Long-Term Bimekizumab Data Offer New Hope for HS Management

Founding chairman of Northwell Health’s Department of Dermatology, Dr. Commenting on the data supporting UCB’s companion biologic license application for bimekuzimab (Bimzelyx) for approval of the drug in the treatment of moderate to severe hidradenitis suppurativa (HS), Amit Garg said: “These are patients who got their lives back, and this is a truly remarkable result… We can’t tell patients very often.”

He discusses dual interleukins in part 2 of our interview with Garg, who is also senior vice president of the Dermatology Service at Northwell Health and a professor in the Feinstein Institutes for Medical Research Center for Health Innovations and Outcomes Research at Northwell Health. The potential for 17A and 17F inhibitors to significantly alter outcomes for patients.

The interview has been edited for clarity.

Transcript text

How do open-label extension data from the BE HEARD trial shape future long-term treatment strategies?

My conclusion from the open-label extension data was that bimekizumab demonstrated both durability and consistency in treating patients with moderate to severe HS over 96 weeks. Both of these outcomes are critical to the management of a disease. as we discussedThis disease, with a very high symptom burden, is chronic and will likely be progressive if not adequately treated. So I think the 96-week findings provide important direction for patients and physicians in outlining a long-term treatment strategy for HS.

What key results from the trial might influence how clinicians prioritize patient-reported outcomes when evaluating bimekizumab?

One of the results that impressed me most about bimekizumab was its effect on drainage tunnels, one of the most severe types of lesions for HS patients. So, when patients report their results, most of the time what they report is about the burden of tunneling and the burden of drainage and odor from tunneling. In long-term data, patients treated with bimekizumab showed an almost 75% reduction in the number of drainage tunnels at 2 years.

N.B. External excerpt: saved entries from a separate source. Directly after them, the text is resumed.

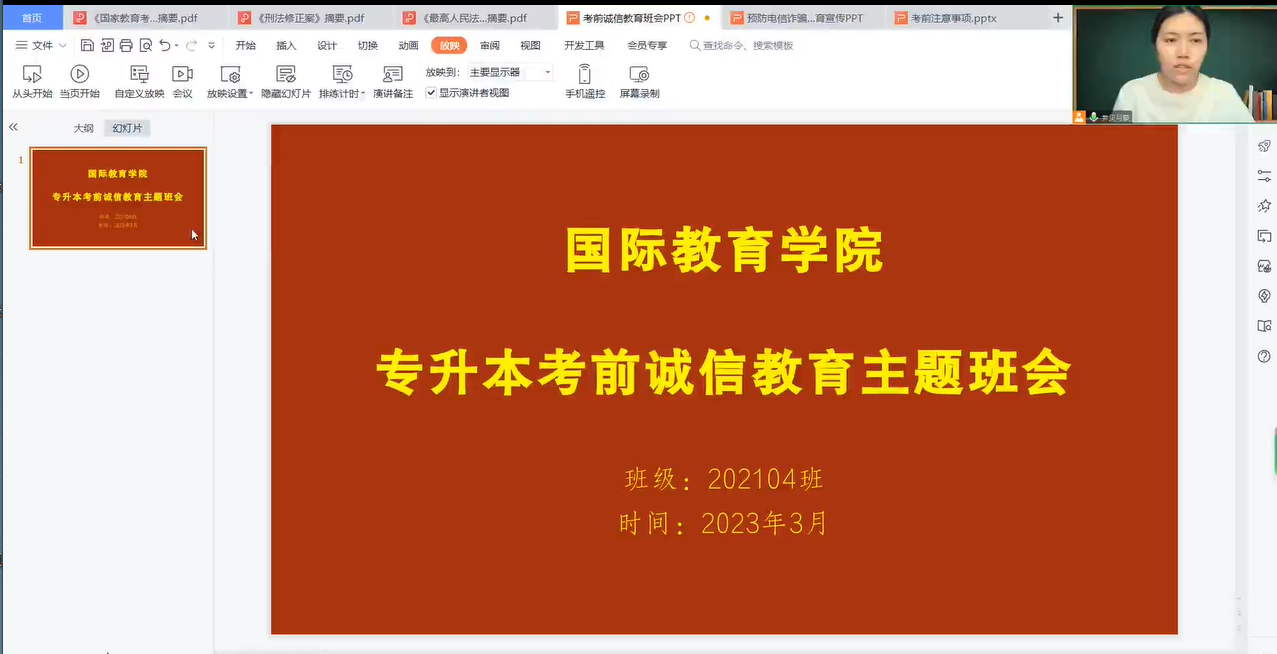 为切实做好2023年专升本考试相关工作,提升我院专升本考生的诚信意识,同时做好考生的思想政治教育和心理疏导。我院2023届毕业班辅导员费朦于3月14日至3月17日组织各班开展诚信教育主题班会。
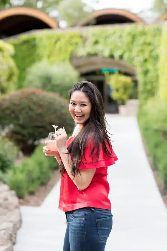 Earlier this spring we spent a day in Napa with my cousins and their hubbies. We lucked out and even though it had been raining that week, the Saturday that we spent in wine country was nothing but sunshine. So clearly, a brightly colored off-the-shoulder top was in order for the occasion. After a few different wineries, we ended the day at Domaine Chandon with some bubbly (and in my case, a champagne cocktail).
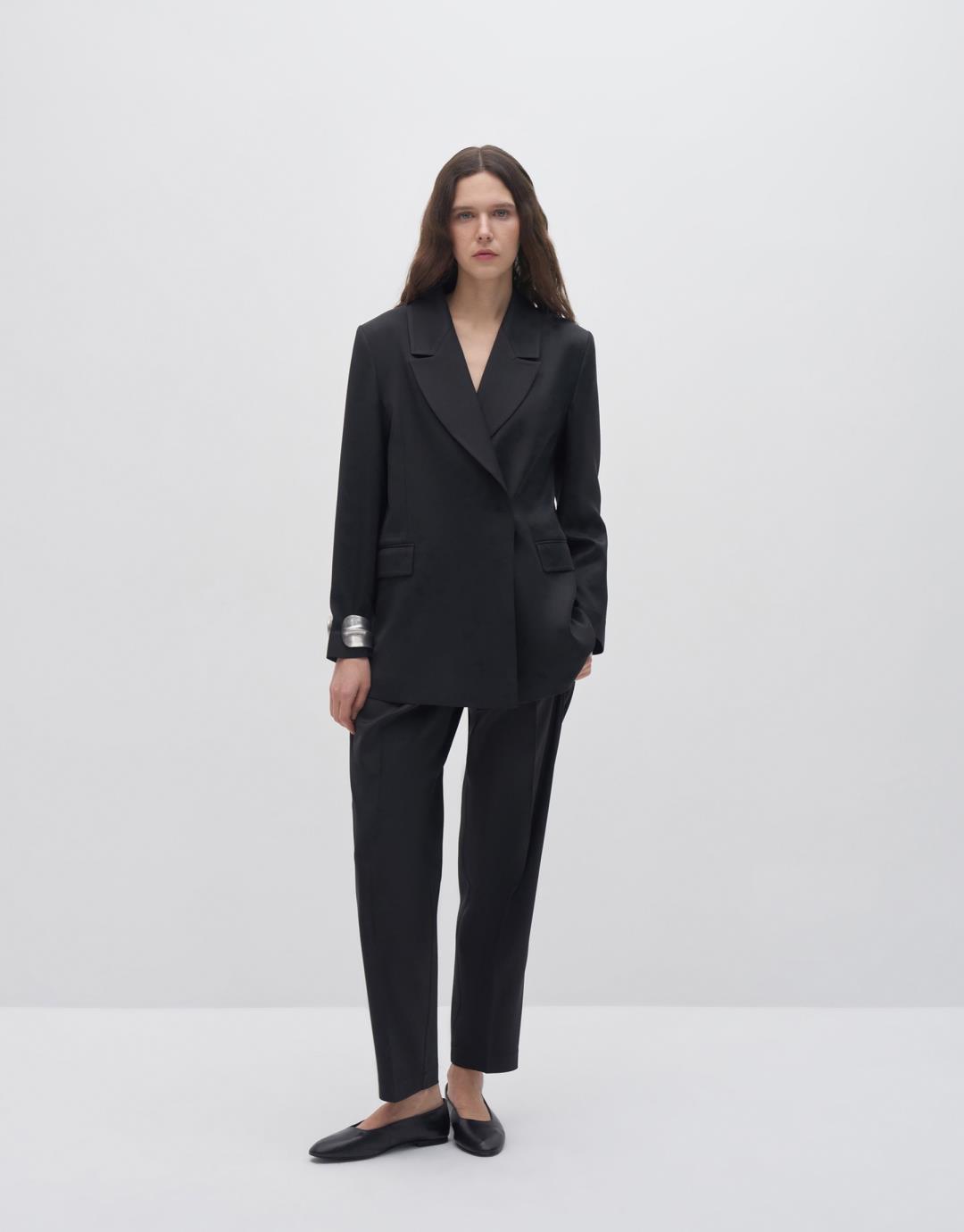 Fabric Content: 97% AC 3% EA Product Details: Jacket: Double-breasted closure. Fit. Lined. Two pockets with flaps. Front metal clasp closure. Trousers: Front zipper and button closure. Pleated detail.Two side pockets. Two welt back pockets. Model Size: 36 Model Height: 1.72 The product on the model is size 36. Usage and Washing Instructions: Tetrachlorethylene Dry Cleaning. Roller cleaning is not done. Tumble drying is not done. Bleach bleach is not used.

Therefore, it is not surprising that after 2 years of bimekizumab treatment, one-third of HS patients reported that their disease had no impact on their lives. Simply put, these are patients who are getting their lives back, and this is a truly remarkable outcome for patients with moderate to severe hidradenitis suppurativa. We don’t often get to say this to patients.

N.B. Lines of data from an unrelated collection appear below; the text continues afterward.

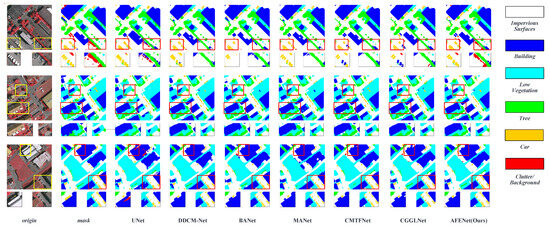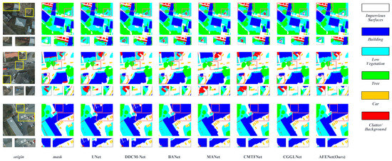 As illustrated in Figure 7, AFENet demonstrates strong performance on the Vaihingen dataset during the comparison experiments. In the first row, it is evident that AFENet effectively captures the areas of small objects such as cars, clutter, and other aggregates, accurately recognizing the corresponding classes and providing clear and complete categorization. In the second row of the original image, a building is surrounded by low shrubs and trees, presenting very little distinction between classes; however, AFENet excels at identifying the building in this context. Furthermore, for the edges of larger buildings affected by shadows, AFENet produces clear edge segmentation results. In contrast, for smaller buildings, AFENet successfully delineates the complete edges of the region, avoiding issues with broken segmentation edges and missed segmentation. In the third row, we examine cases where buildings and parking areas are affected by shadows, and it is evident that AFENet still achieves high-precision segmentation results under these conditions. This indicates that the AFENet can mitigate the influence of shadows on remote sensing image segmentation to some extent.
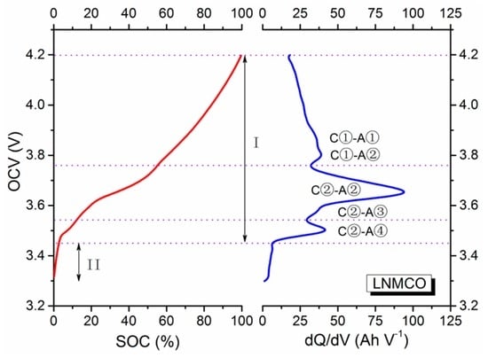 Figure 4 shows the SOC-OCV curve and corresponding dQ/dV profile of the novel lithium-ion batteries with NMC+LiCoO
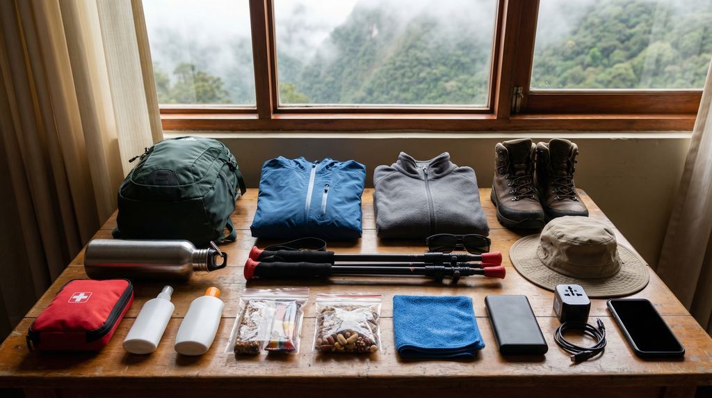 Een goede dagrugzak begint bij laagjes die je eenvoudig kunt wisselen. Neem een ademend T‑shirt, een warme laag voor de vroege ochtend (fleece of licht dons) en een lichte regenjas of hardshell mee. Een zonnehoed of pet, zonnebrand met hoge factor en een zonnebril beschermen tegen de sterke uv-straling op hoogte. Voeg insectenwerend middel toe (bijvoorbeeld DEET of picaridine), zeker rond Aguas Calientes en de lagere bosrand waar zandvliegen actief kunnen zijn.

How might these findings guide clinical decisions about transitioning patients to less frequent dosing while maintaining effective disease control?

There are a few things to consider here. First, patients taking a biologic drug such as (anti-)TNF (tumor necrosis factor-α) adalimumab on a weekly basis may soon experience this condition, especially for patients who respond inadequately to their treatment. They have the option to switch to bimekizumab, a monthly administration; Of course, they are waiting for approval from a regulatory agency.

We don’t yet know what the FDA will say about how it should be used, but one option we hope for as clinicians is the ability to speed up treatment once patients start on medication, for example. – monthly dosing with bimekizumab is going well but could be better, we would love the option to move to twice monthly or every 2 weeks dosing to try to get a better or truly adequate result. response to treatment.